I call it Book Serendipity when two or more books that I read at the same time or in quick succession have something pretty bizarre in common. Because I have so many books on the go at once (usually 20–30), I suppose I’m more prone to such incidents. I’ve realized that, of course, synchronicity is really the more apt word, but this branding has stuck. This used to be a quarterly feature, but to keep the lists from getting too unwieldy I’ve shifted to bimonthly.

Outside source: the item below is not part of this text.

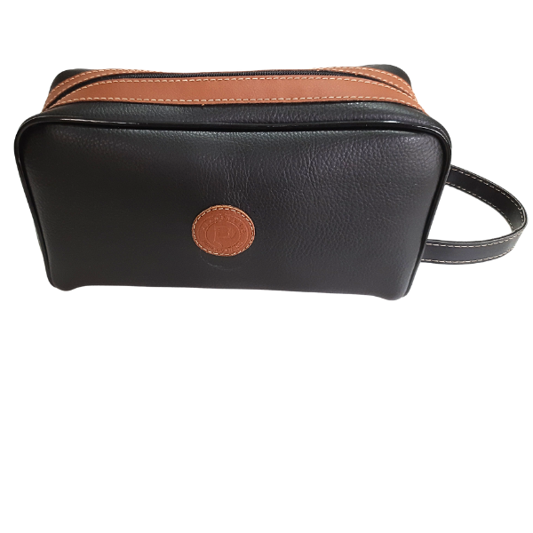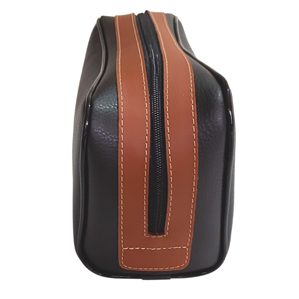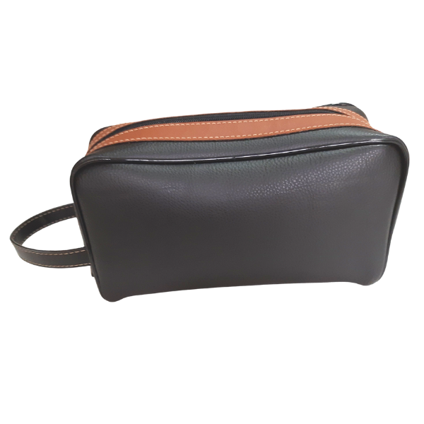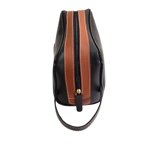 Nécessaire feita em couro animal, corpo principal na cor preta e detalhes de acabamento ao redor do zíper na cor caramelo. Alça de mão no mesmo material, etiqueta com logomarca com impressão em baixo relevo. Contorno com fio plástico 11 mm brilho. Um produto artesanal.

The following are in roughly chronological order.

 

  • Young people studying An Inspector Calls in Somebody Loves You by Mona Arshi and Heartstoppers, Volume 4 by Alice Oseman.

 

  • China Room (Sunjeev Sahota) was immediately followed by The China Factory (Mary Costello).
  • A mention of acorn production being connected to the weather earlier in the year in Light Rains Sometimes Fall by Lev Parikian and Noah’s Compass by Anne Tyler.

 

  • The experience of being lost and disoriented in Amsterdam features in Flesh & Blood by N. West Moss and Yearbook by Seth Rogen.

 

  • Reading a book about ravens (A Shadow Above by Joe Shute) and one by a Raven (Fox & I by Catherine Raven) at the same time.
  • Speaking of ravens, they’re also mentioned in The Elements by Kat Lister, and the Edgar Allan Poe poem “The Raven” was referred to and/or quoted in both of those books plus 100 Poets by John Carey.

 

  • A trip to Mexico as a way to come to terms with the death of a loved one in This Party’s Dead by Erica Buist (read back in February–March) and The Elements by Kat Lister.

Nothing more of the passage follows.